Enigma'07 said:
I have no clue what you are talking about.
What level of math?
It's just basic logic. I'll try and walk you through it.
So we start out with our statement, A or ~A.
For this statement to be true, either A or not A must be true, which is just how the logical or operator works.
So to create a truth table we generate a table with all the possible truth values for our variables. Since we only have one and our we have binary truths, we only have 2 values (true and false).
So we start with this:
A | A or ~A
------------
T
F
Now we apply those values to the statement. The controlling operator is the or. So to find the actual truth we need to figure out whether or not the or is true. The only other operator is the not. So first we figure out the values for the not (~).
A | A or ~A
------------
T | | | F
F | | | T
Now that that's done since we already know the value of A from the our left table we can assign a value to the or, knowing that for an or to be true only one of its members needs be true.
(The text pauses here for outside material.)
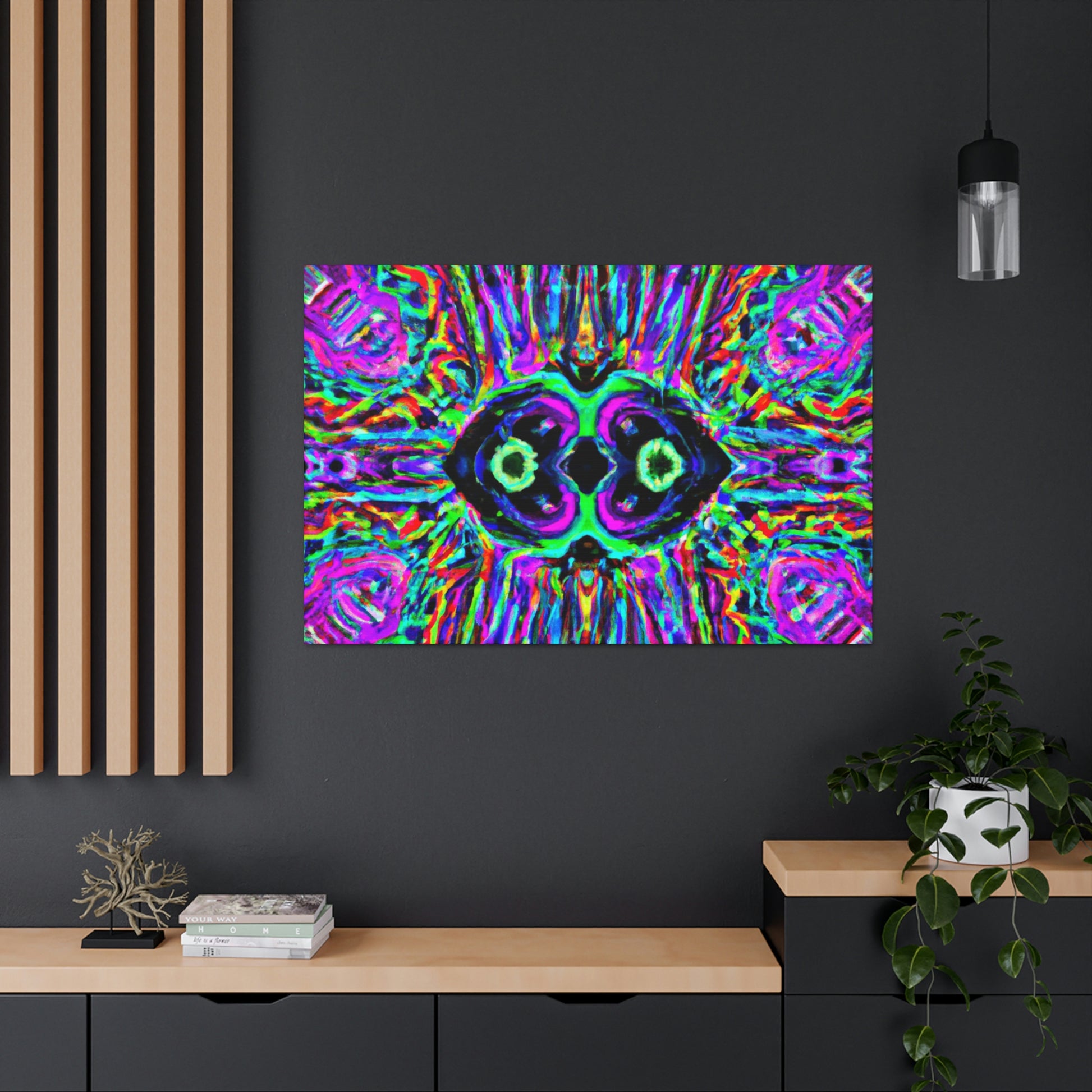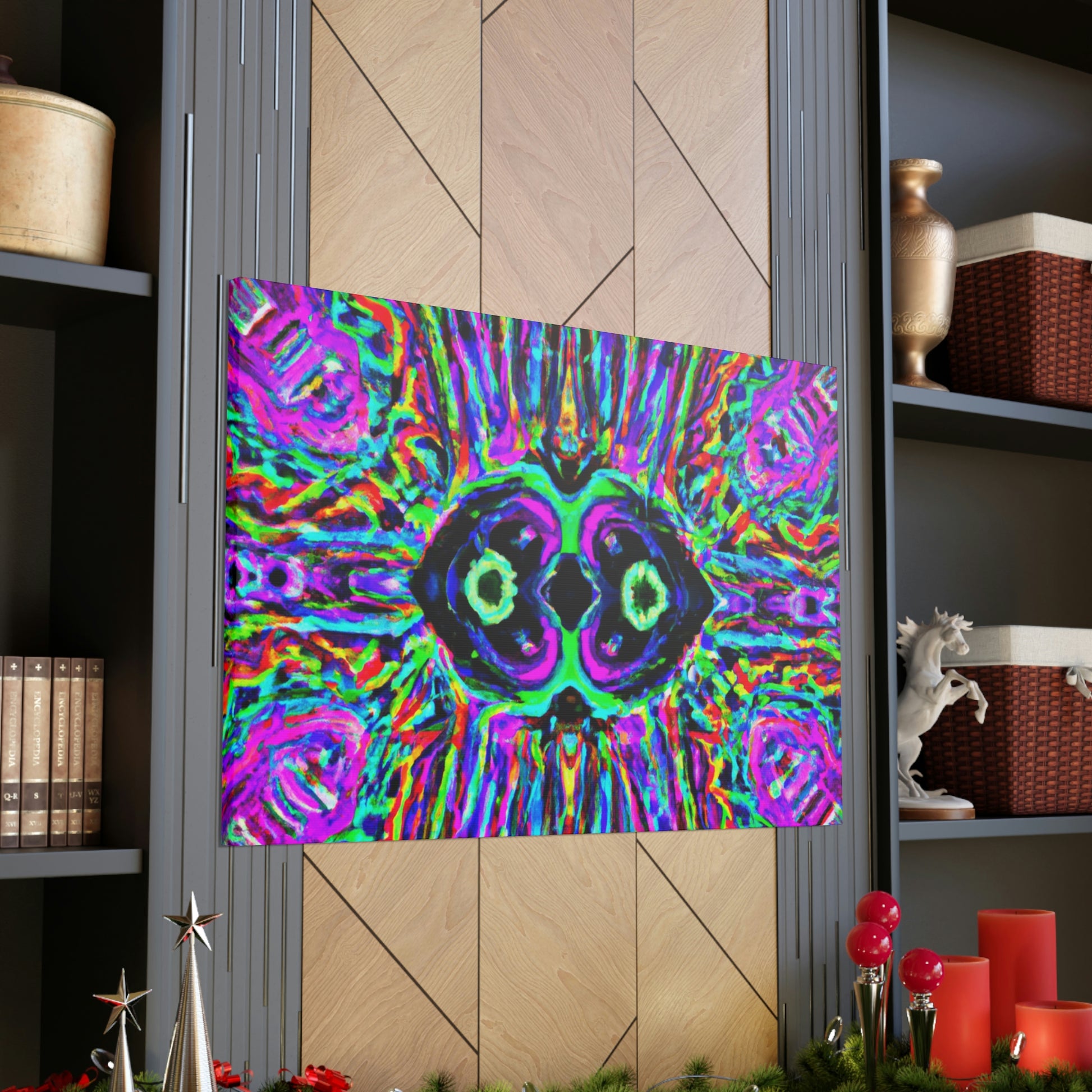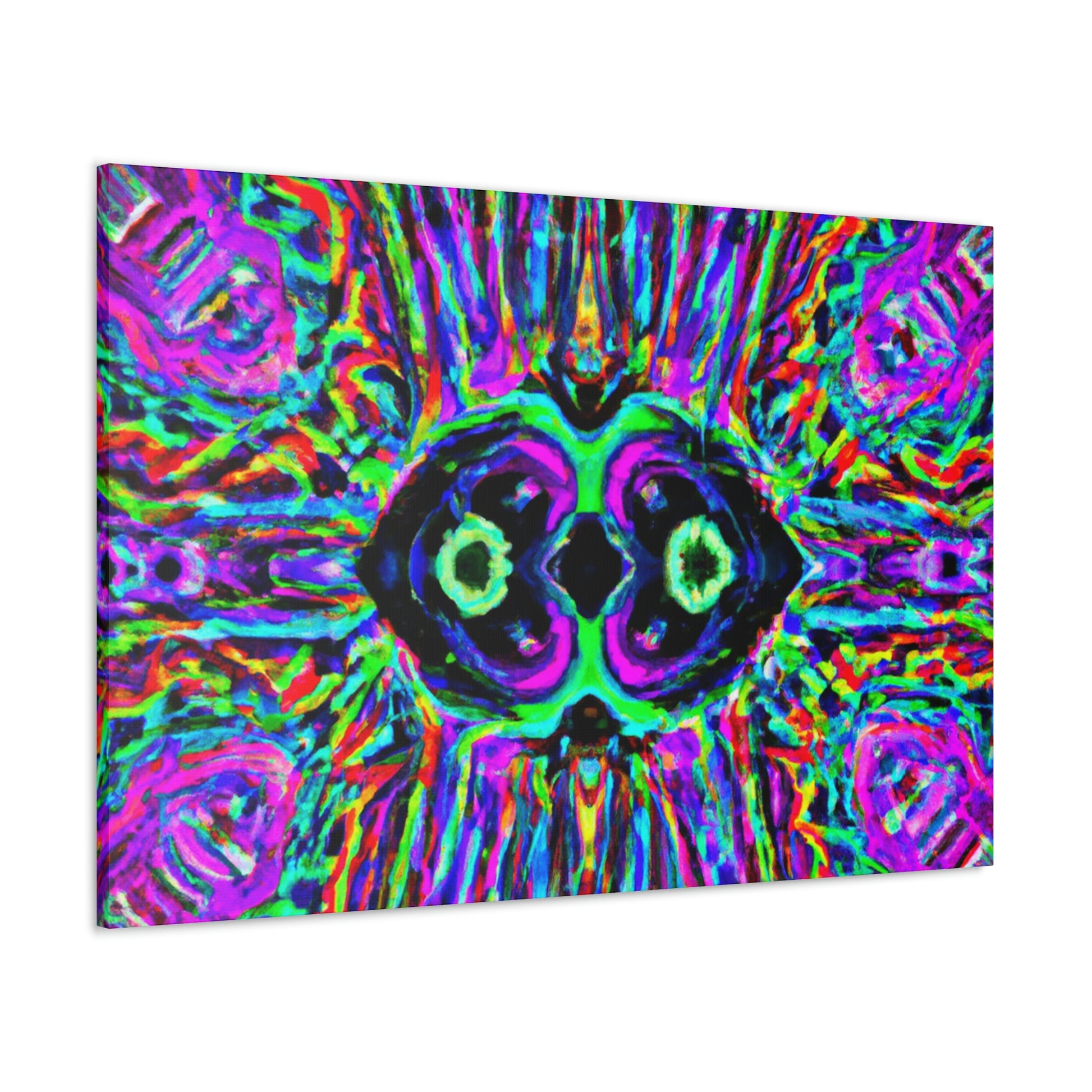 This vibrant modern abstract canvas art features layers of trippy mushrooms, kaleidoscope, and 3D lines that come alive in neon colors. The piece has a dynamic energy to it, perfect for lightening up any space. It is a unique display of digital art that will draw the eye in and captivate the viewer. #colorful #canvas #modernart #wallart #homedecor #trippymushrooms #kaleidoscope #abstractart #digitallines #3dlines #vibrantcolors

So....
A | A or ~A
------------
T | | T | F
F | | T | T
And we have a finished truth table for (A or ~A). To be a tautology every statement must be true. Since this table meets that criteria, the premise is a tautology.
No matter what we put into the this phrase it will be true.
Examples:
It is raining here or it is not raining here.
I am a man or I am not a man.
There is a god or there is not a god.
In any event. I hope this helped some.